With the images left out, print every entry that follows exactly.

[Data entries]
# # #

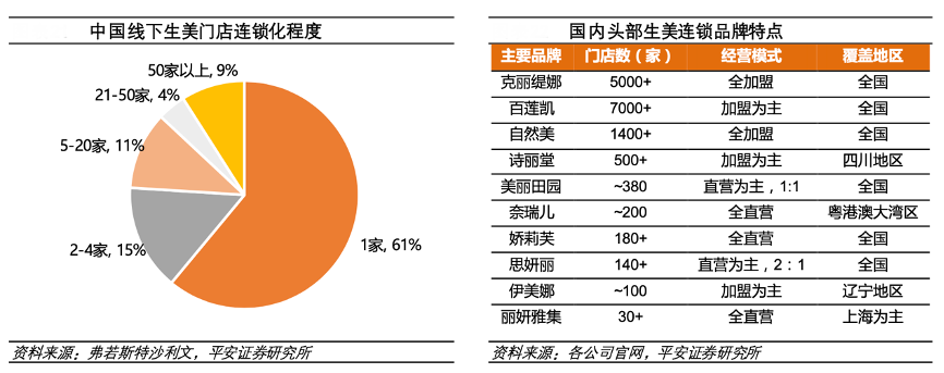 經(jīng)典案例:根據(jù)弗若斯特沙利文、各公司官網(wǎng)、平安證券研究所等綜合資訊表明,在全國 100 多萬家生美門店中,61%的生美門店為單體店,15% 擁有 2-4 家門店,門店數(shù) 5 家及以上的占比 24%,其中 50 家以上連鎖的僅占9%。頭部品牌通過直營或加盟模式擴(kuò)張,其中加盟為主的品牌以產(chǎn)品銷售為核心收入來源,門店作為銷售渠道、數(shù)量眾多,代表性企業(yè)如克麗緹娜(門店數(shù)量 5000+ 家)、自然美(1400+家)。
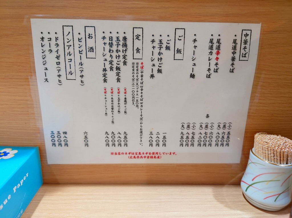 ↑今回は、「尾道中華そば・大」¥800をお願いします(^^)
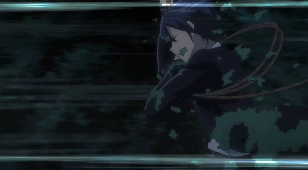 Suddenly, a loud explosion is heard. Rentaro insults the person's intelligence as the explosion has awaken the forest. True to his statement, a Gastrea stands behind them. Rentaro, asking Enju if she could carry him, tells her to run. Running away from the Gastrea, Rentaro tells Enju that he is counting on her, which causes her to jump high in the trees. However the Gastrea proves to be speedy. Nevertheless, Enju jumps on its head and with the accumulated momentum jumps high near a cliff, and from the cliff she then jumps yet again. As they "fly", Rentaro sees "Ladder of Heaven." Once they land, they continue to search the area, until Enju has a gun pointed at her head.[49]
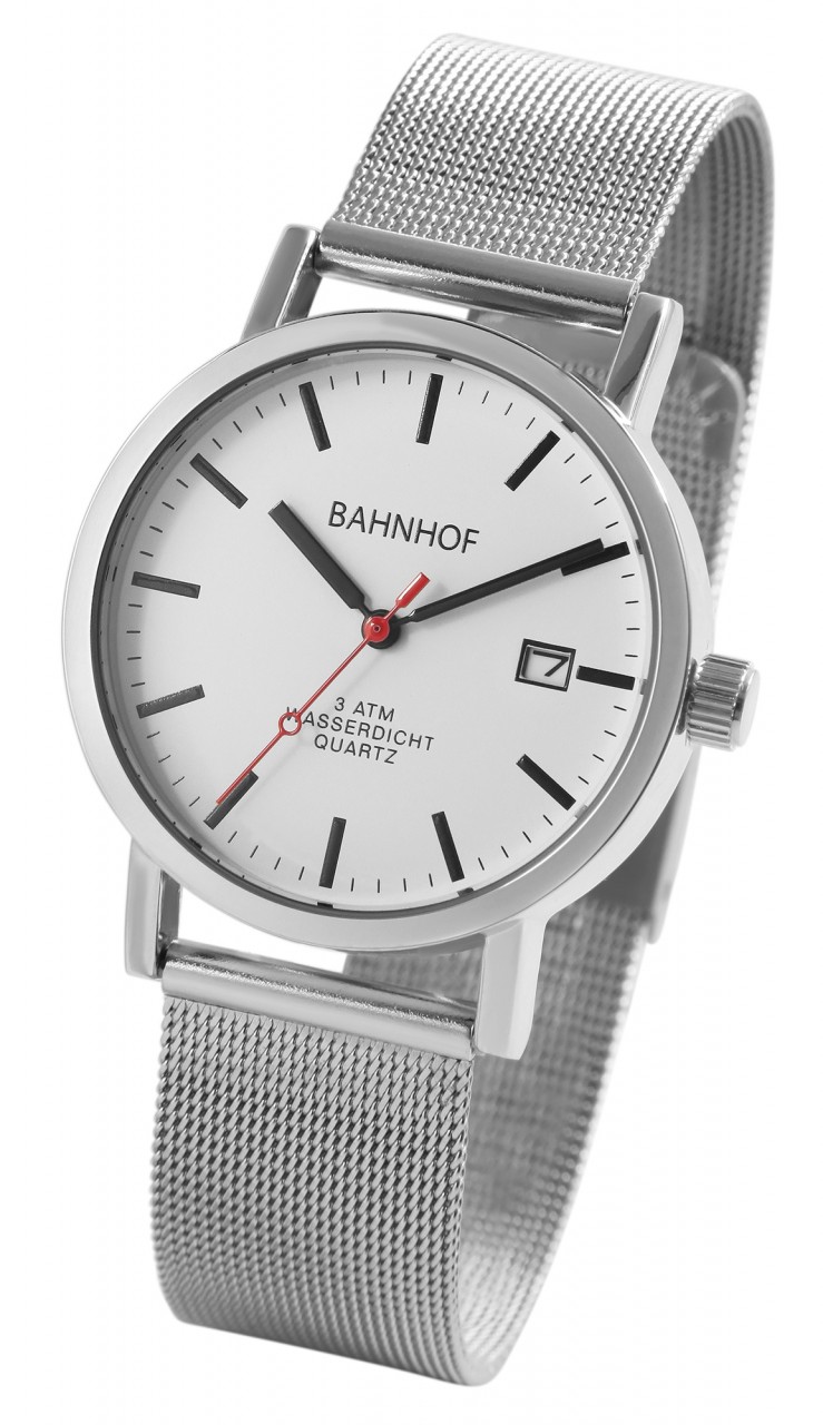 Relógio da marca Bahnhof unissexo com bracelete em aço inoxidável.
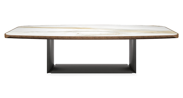 Table with titanium (GFM11), bronze (GFM18), graphite (GFM69), pearl (GFM70) or black (GFM73) embossed lacquered steel base. Top in ceramic Marmi Alabastro (KM02), matt Golden Calacatta (KM05), glossy Golden Calacatta (KM06), matt Portoro (KM07), glossy Portoro (KM08), glossy Sahara Noir (KM09), Makalu (KM11), Breccia (KM12), Borghini Calacatta opaco (KM18), Borghini Calacatta lucido (KM19), Colosseo (KM21), Andromeda (KM22), matt Invisible (KM24) or Luxor (KS23) with Brushed Bronze or Brushed Grey lacquered and rounded lower profile. 6cm thick top on 300x128 version and 5cm on 200x120 and 240x120 versions. Colour and brushing variations of the Brushed finish are characteristics of the handcrafted processing and should not be considered as defects.
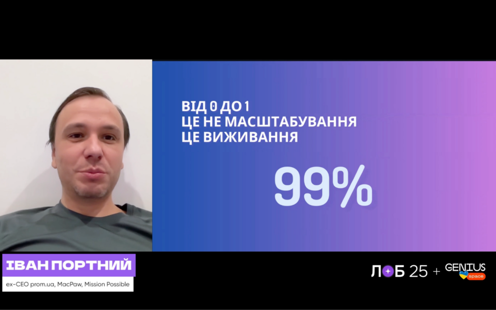 Завершал последний день ЛОБ25 Иван Портный. Он признался, что переход из крупной компании в стартап — это не апгрейд, а полное обнуление. От 1 до 10 строить легко, но от 0 до 1 — это совсем другое. 99% стартапов умирают — и это ощущается особенно остро, когда идешь в предпринимательство с сильным опытом, который внезапно перестает работать.
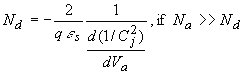 A capacitance-voltage measurement also provides the doping density profile of one-sided p-n diodes. For a p+-n diode, one obtains the doping density from: |
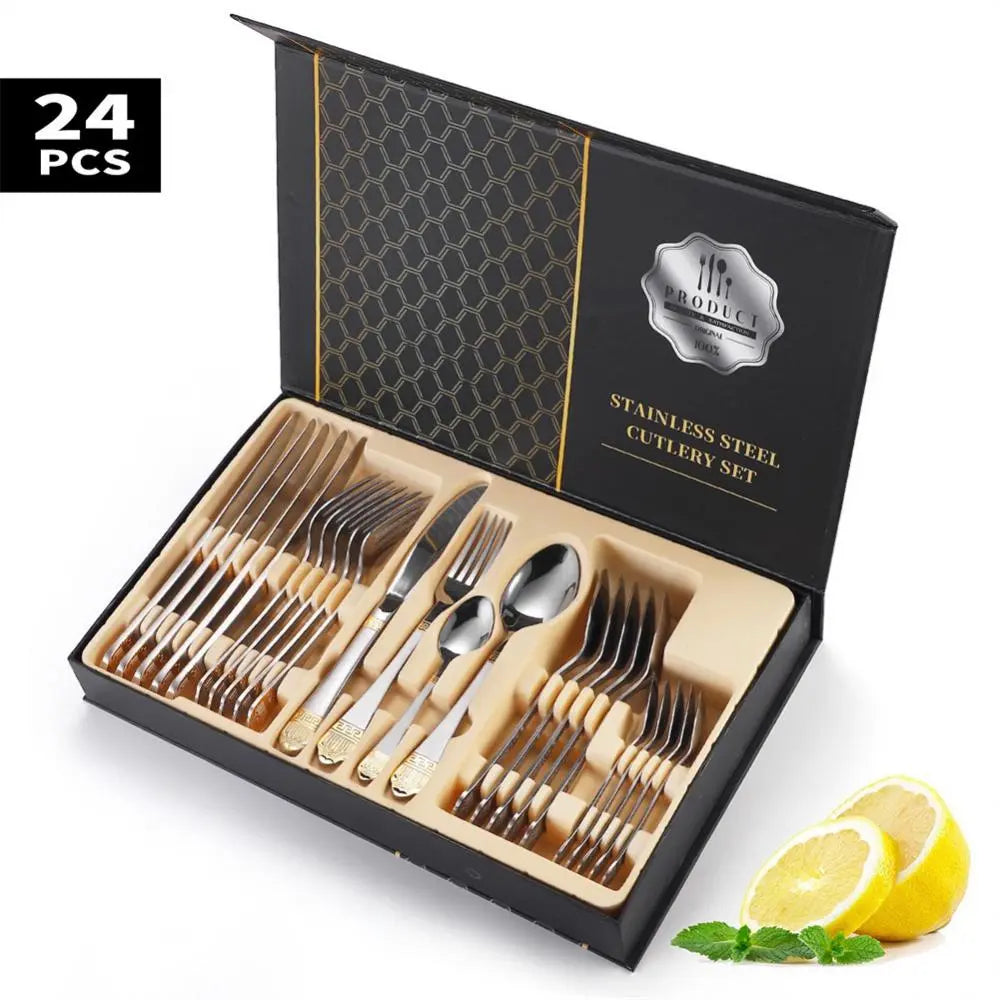 Dinnerware Tableware Set - 24pcs Dinnerware Set Stainless Steel Tableware Set Luxury Fork Spoon Knife Gold Silver Cutlery Gift Box Kitchen Accessories
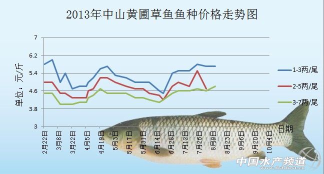 中國水產頻道獨家報道,據海大集團華南魚料部提供資料顯示,8月12日中山黃圃草魚種價格情況如圖所示:
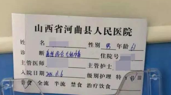 周青峰(化名)在河曲縣人民醫(yī)院就診,就診卡顯示其為急性混合氣體中毒。
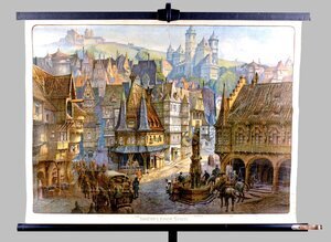 Schulwandbild "Das Innere einer Stadt im XV. Jahrhunderts"
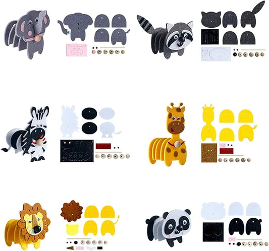 Animals Craft Kit - Educational Toys for Kids, Felt Craft Kit Including 6 Wild Friends, Elephant Zebra Panda Lion Raccoon Giraffe, DIY Activity Birthday Gifts for Boys & Girls Ages 3 4 5 6 and Up
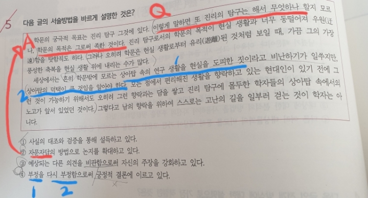 작성자진진 작성시간 20.03.04 1. 자문자답이 아니라 다른 이들의 의문이나 반박을 예상해서 미리 답을 제시하는 것입니다. 논지 강화의 한 방법입니다.
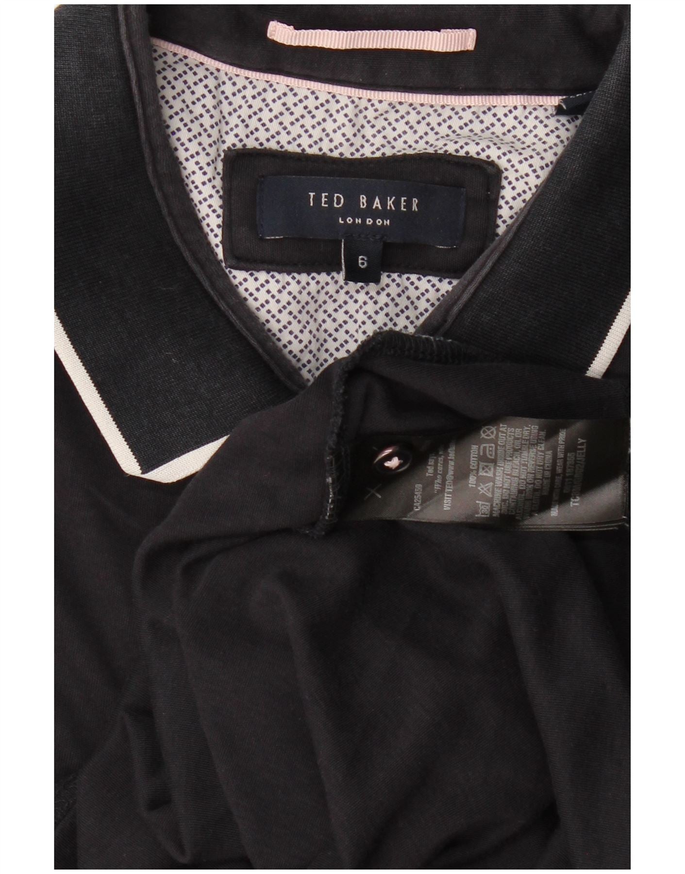 Ted Baker Herren-Poloshirt, Größe 6 2XL, schwarze Baumwolle

# # #

#### Output below
 經(jīng)典案例:根據(jù)弗若斯特沙利文、各公司官網(wǎng)、平安證券研究所等綜合資訊表明,在全國 100 多萬家生美門店中,61%的生美門店為單體店,15% 擁有 2-4 家門店,門店數(shù) 5 家及以上的占比 24%,其中 50 家以上連鎖的僅占9%。頭部品牌通過直營或加盟模式擴(kuò)張,其中加盟為主的品牌以產(chǎn)品銷售為核心收入來源,門店作為銷售渠道、數(shù)量眾多,代表性企業(yè)如克麗緹娜(門店數(shù)量 5000+ 家)、自然美(1400+家)。
 ↑今回は、「尾道中華そば・大」¥800をお願いします(^^)
 Suddenly, a loud explosion is heard. Rentaro insults the person's intelligence as the explosion has awaken the forest. True to his statement, a Gastrea stands behind them. Rentaro, asking Enju if she could carry him, tells her to run. Running away from the Gastrea, Rentaro tells Enju that he is counting on her, which causes her to jump high in the trees. However the Gastrea proves to be speedy. Nevertheless, Enju jumps on its head and with the accumulated momentum jumps high near a cliff, and from the cliff she then jumps yet again. As they "fly", Rentaro sees "Ladder of Heaven." Once they land, they continue to search the area, until Enju has a gun pointed at her head.[49]
 Relógio da marca Bahnhof unissexo com bracelete em aço inoxidável.
 Table with titanium (GFM11), bronze (GFM18), graphite (GFM69), pearl (GFM70) or black (GFM73) embossed lacquered steel base. Top in ceramic Marmi Alabastro (KM02), matt Golden Calacatta (KM05), glossy Golden Calacatta (KM06), matt Portoro (KM07), glossy Portoro (KM08), glossy Sahara Noir (KM09), Makalu (KM11), Breccia (KM12), Borghini Calacatta opaco (KM18), Borghini Calacatta lucido (KM19), Colosseo (KM21), Andromeda (KM22), matt Invisible (KM24) or Luxor (KS23) with Brushed Bronze or Brushed Grey lacquered and rounded lower profile. 6cm thick top on 300x128 version and 5cm on 200x120 and 240x120 versions. Colour and brushing variations of the Brushed finish are characteristics of the handcrafted processing and should not be considered as defects.
 Завершал последний день ЛОБ25 Иван Портный. Он признался, что переход из крупной компании в стартап — это не апгрейд, а полное обнуление. От 1 до 10 строить легко, но от 0 до 1 — это совсем другое. 99% стартапов умирают — и это ощущается особенно остро, когда идешь в предпринимательство с сильным опытом, который внезапно перестает работать.
 A capacitance-voltage measurement also provides the doping density profile of one-sided p-n diodes. For a p+-n diode, one obtains the doping density from: |
 Dinnerware Tableware Set - 24pcs Dinnerware Set Stainless Steel Tableware Set Luxury Fork Spoon Knife Gold Silver Cutlery Gift Box Kitchen Accessories
 中國水產頻道獨家報道,據海大集團華南魚料部提供資料顯示,8月12日中山黃圃草魚種價格情況如圖所示:
 周青峰(化名)在河曲縣人民醫(yī)院就診,就診卡顯示其為急性混合氣體中毒。
 Schulwandbild "Das Innere einer Stadt im XV. Jahrhunderts"
 Animals Craft Kit - Educational Toys for Kids, Felt Craft Kit Including 6 Wild Friends, Elephant Zebra Panda Lion Raccoon Giraffe, DIY Activity Birthday Gifts for Boys & Girls Ages 3 4 5 6 and Up
 작성자진진 작성시간 20.03.04 1. 자문자답이 아니라 다른 이들의 의문이나 반박을 예상해서 미리 답을 제시하는 것입니다. 논지 강화의 한 방법입니다.
 Ted Baker Herren-Poloshirt, Größe 6 2XL, schwarze Baumwolle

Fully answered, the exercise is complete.